I'm trying to display the source property name within the Google Analytics roll up property I have linked to bigquery. Issue is, is that when I try the below some of the metrics become hugely inflated. I'm guessing this is to do with repeated fields but not sure what to do about it.

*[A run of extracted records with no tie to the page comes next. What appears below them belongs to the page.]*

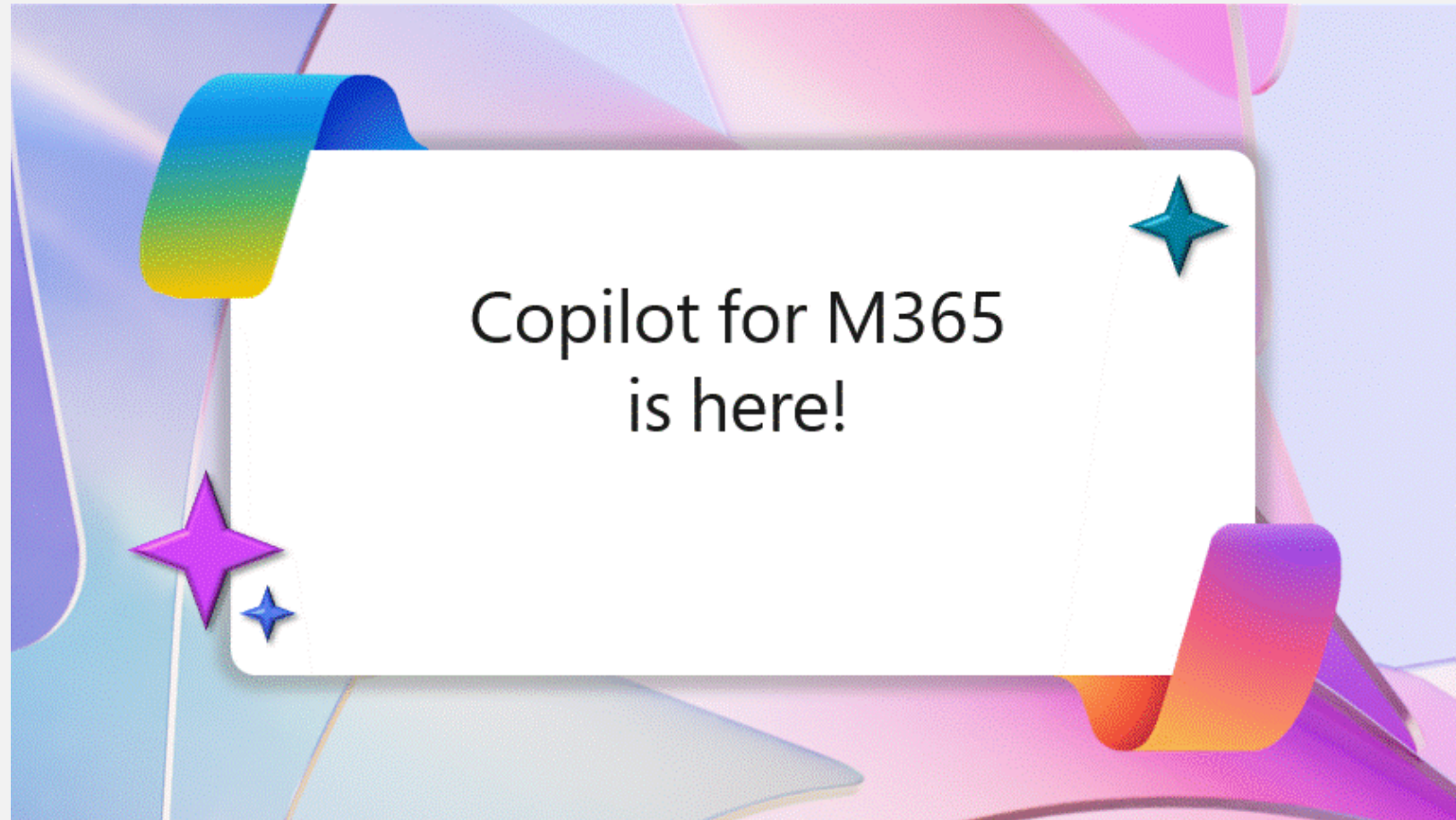
Image Alt text: Animated elements including sparkle icons and the Copilot logo on a moving, pastel background, and, “Copilot for Microsoft 365 is here. So now what? Celebrate! That’s what! Simply look for the Copilot icon in your favorite M365 app to get started. Show them what you can do. Go fly!”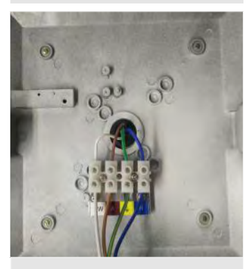
7. Connect Switched Active into SW terminal, Permanent Active into A terminal.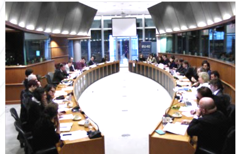
View of the fully-packed venue

More pictures from the workshop are available here: http://bit.ly/1XqksVF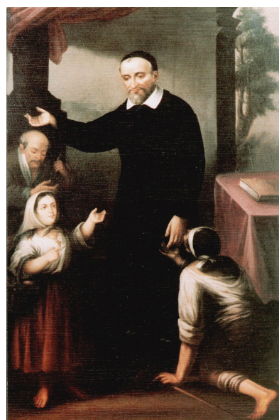
SAINT VINCENT DE PAUL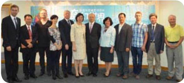
Group photo at the opening ceremony

schools, parents to bring their children to come and give the child a different art experience, to read together the fairy tale from other parts of the world, and to come in contact with different cultures.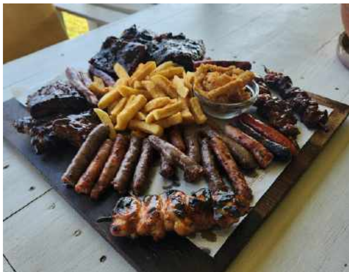
*Meat & Sausage Platter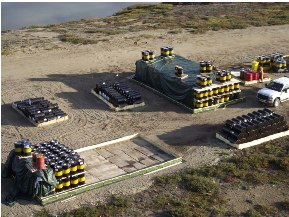
Drum storage onsite with secondary containment berms – July 2011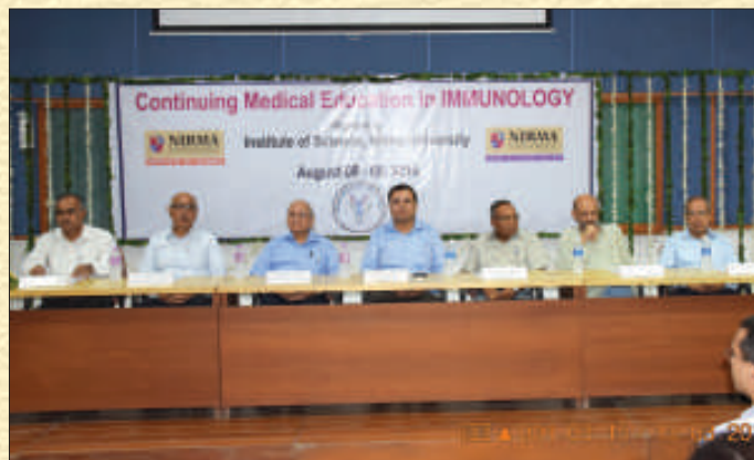
Continuing Medical Education Programme on Immunology Page 18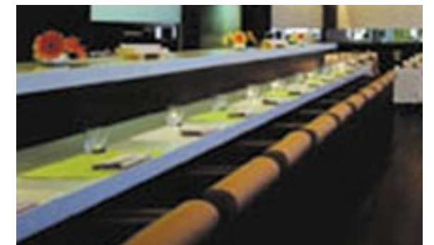
SIDE HOTEL, HAMBURG, GERMANY. DESIGN MATTEO THUN AND BOB WILSON. DETAIL OF SUSHI BAR COUNTER IN CORIAN® SEAGRASS.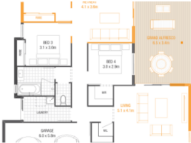
Image may depict features such as landscaping, timber decking, furniture, window treatments and lighting which are not included in the package price. Image is for illustrative purposes only.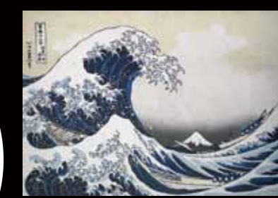
"Kanagawaoki Namiura" by Katsushika Hokusai

cultures could be seen together. Apart from competing, this is what IBO is all about: meeting people from all over the world and making new friends!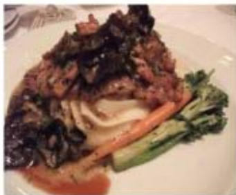
Chicken Forestière with Wild Mushrooms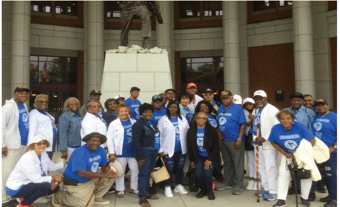
Photo taken at the entrance to the National Infantry Museum, Columbus, GA (classmates, spouses and guests).

Greetings from the Lions and Lionesses of Carter-Parramore High School Class of 1966 (The Class). This awesome Class celebrated its 57th High School Class Reunion on Thursday through Saturday, May 18-20, 2023, in Quincy, Florida. The Class theme "We've Come This Far by Faith" is a testimony to our desire and faith that we will continue to reunite and fellowship in future class reunion settings. Those in attendance were excited about the opportunity to return to our roots again, to commemorate the classmates, administrators and educators who have passed on and to celebrate the present. More importantly, to reminisce and recall our high school experiences through words, music, and expressions of humor where it all began -- within the classrooms, the hallways, and the entire campus of Carter-Parramore High School (CPHS).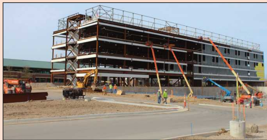
ON A FORMER PARKING LOT north of the existing Trinity Health-Brighton Medical Center, Granger Construction, its subcontractors and building trades union workers are erecting a connected new 174,000-square-foot hospital.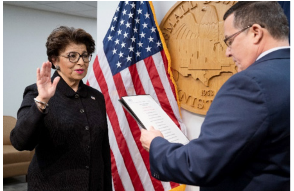
Swearing-In of SBA Administrator Jovita Carranza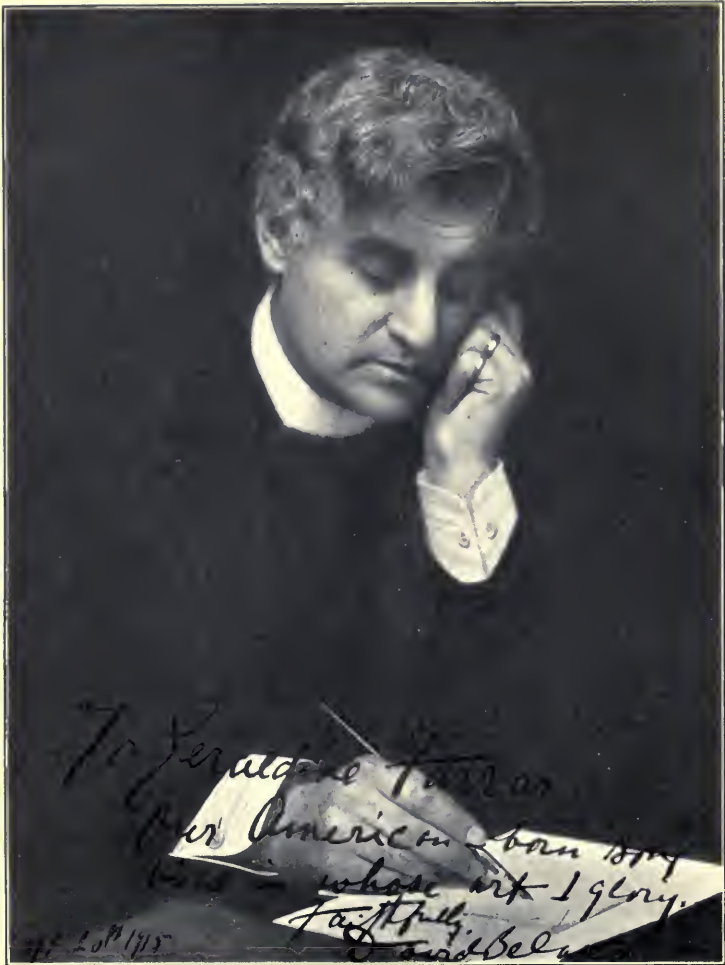
BELASCO, "THAT PAST MASTER OF STAGECRAFT"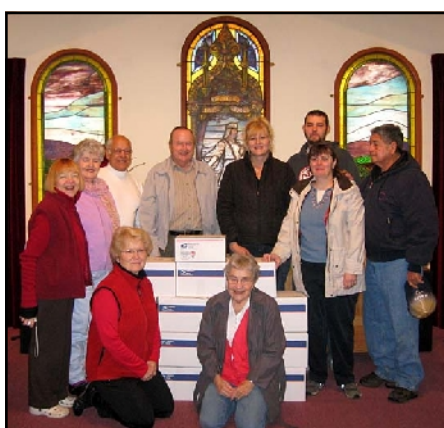
January 2009 Boxing Day

I've tried a number of workarounds like using "max" but this doesn't display every property name.
All metrics except users and visits seem to be inflated.
SELECT
date,
MAX(CASE
WHEN EXISTS( SELECT 1 FROM UNNEST(hits) hits WHERE REGEXP_CONTAINS(hits.sourcePropertyInfo.sourcePropertyTrackingId, r'82272640')) THEN 'MUG'
WHEN EXISTS (
SELECT
1
FROM
UNNEST(hits) hits
WHERE
hits.sourcePropertyInfo.sourcePropertyTrackingId = 'Social') THEN 'Social'ELSE 'Website' END) AS Property,
geoNetwork.country AS Country,
COUNT(DISTINCT CONCAT(cast(visitId AS STRING),fullVisitorId)) as visits,
sum(totals.visits) as visits2,
COUNT(DISTINCT(fullVisitorId)) AS Users,
h.sourcePropertyInfo.sourcePropertyDisplayName as display,
SUM((
SELECT
SUM(latencyTracking.pageLoadTime)
FROM
UNNEST(hits)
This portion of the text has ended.